I was always at the top of my class.
Getting good grades in school was expected because my parents knew that I was capable. I remember hearing that other kids received payments for “A’s,” and I brought this idea to my parents, but they weren’t interested. The grade mattered less than doing your best. That was the expectation.
Sitting in the Small Business Development Center, across from my first business coach, he asked what my close rate was. I wasn’t as business savvy then. I had to ask for the explanation, “How many people decide to work with you once they learn about your service?”
“Oh, that’s easy, almost all of them,” I responded.
I could see the look of skepticism. And asked, “That’s not unusual, right?”
Wrong. It was very unusual.
The discussion continued on goals and my success at reaching them. I stated matter-of-factly, “I achieve ALL of my goals. After all, I teach people how to set goals. I should be able to do it myself, right?”

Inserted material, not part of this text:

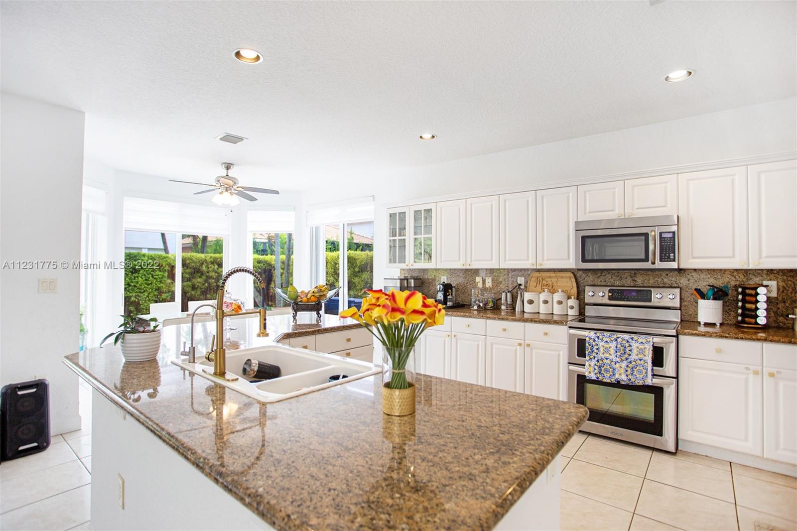 Dream Home in Doral, 5 Bed 3 Bath, Freshly painted completely inside and outside and roof has been freshly pressure cleaned. Kitchen has Refrigerator, Microwave, and Dishwasher. Custom Closets, Three Renovated Bathrooms with new cabinets and faucets, 3 Car Garage, With Space for 3 More Cars in the Driveway, New Alarm System, Brand New Blinds throughtout the entire house, living room has remote control blinds, Black Out Blinds in upper bedroom windows, Patio has an installed fan with light, dining room has a new lamp with fan, new lamps in entire house, Laundry Room has a custom sink with a new faucet and bottom storage. Water filtered throughout house with guarantee.Wonderful Club House with Resort Style Amenities, Gym, Sauna, Pool, Volleyball, Tennis and Basketball Courts,Soccer Field etc
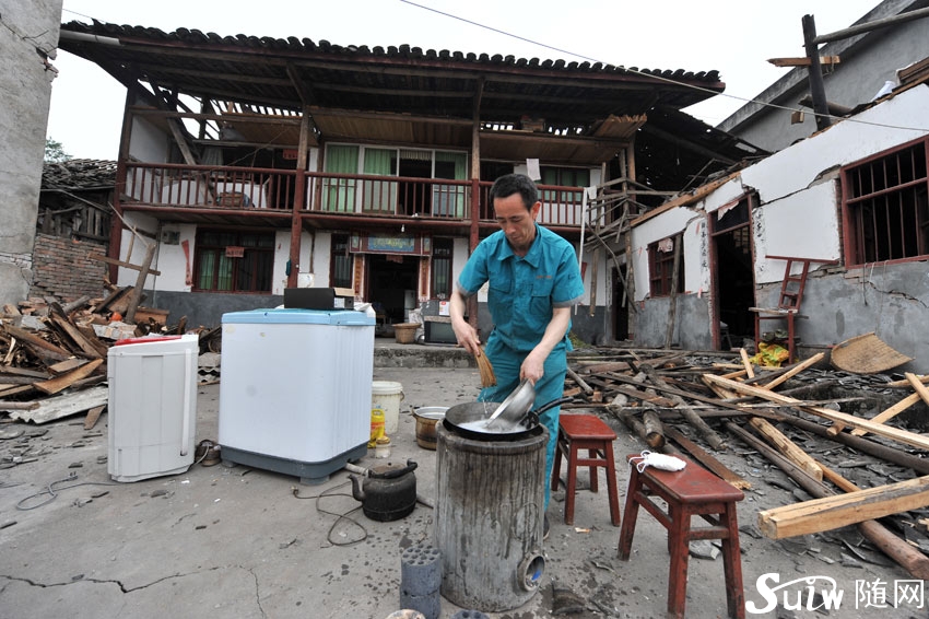 今天,在雅安地震重災(zāi)區(qū)蘆山縣龍門(mén)鄉(xiāng)古城村,村民們堅(jiān)強(qiáng)樂(lè)觀,團(tuán)結(jié)協(xié)作抗震自救。 古城村月光山組的駱馳正在房屋前的空地上搭建帳篷,張平書(shū)一家正在屋前空地上吃飯,見(jiàn)到記者便熱情地招呼記者到她家吃飯。他們告訴記者,地震后鄰里互助互救,他們覺(jué)得雖然遇到了災(zāi)難,但相信政府會(huì)來(lái)幫助他們。地震時(shí),武警官兵過(guò)來(lái)幫群眾搶救物資,大家都很感動(dòng)。 古城村任家崗組的任體蓮告訴人民網(wǎng)記者,目前蘆山縣古城村停電,村民倉(cāng)里有谷子但打不出米來(lái),他們需要柴油機(jī)的打米機(jī),可以自己打米來(lái)自給自足,就不用外界來(lái)供應(yīng)食物了。災(zāi)區(qū)村民正團(tuán)結(jié)一心共同抗擊地震。 在地震中,蘆山縣古城村高云珍的父親不幸遇難,面對(duì)記者的安慰,高云珍的母親說(shuō),要好好活下去。她家屋前的無(wú)花果樹(shù)非常茂盛,枝頭掛滿了累累果實(shí)。 蘆山縣古城村任家崗組的任大叔在屋前空地上刷洗炊具,地震時(shí)他在外地打工,地震后迅速趕回家里,現(xiàn)在把炊具和一些家用電器都搬到了房前空地上。 |

It wasn’t long after that that I began reaching beyond the familiar. I started moving into areas that stretched my imagination and success rate.
My close rate dropped.
And so did my goal achievement.
What I didn’t know then – or didn’t have the term for – was that I was a “High Achiever.”
One night when the early Sappari Solutions, LLC team was enjoying dinner together, we went around the table and shared one word that described the person next to us. My good friend’s husband said, “Achiever.” That was me! I accepted it and embraced it. I felt “seen.”
And then, the night that I was admitted to the hospital at 31 years old for chest pains, he adjusted my title to “Overachiever.”
And I’m not the only one.
There are others out there like me.
Maybe you are an overachiever, too.
We have a tendency to surround ourselves with people who think like us.
But is being an overachiever all it’s cracked up to be?
VeryWellMind shared this about overachievers:
“Overachievers tend to believe that the only thing that matters is reaching the outcome. They judge themselves by this standard and they also believe that others judge them in the same way.
Failure is not just part of the process for an overachiever—it is how they measure their worthiness. Poor outcomes can be devastating, so an overachiever will go to any ends to avoid such failings.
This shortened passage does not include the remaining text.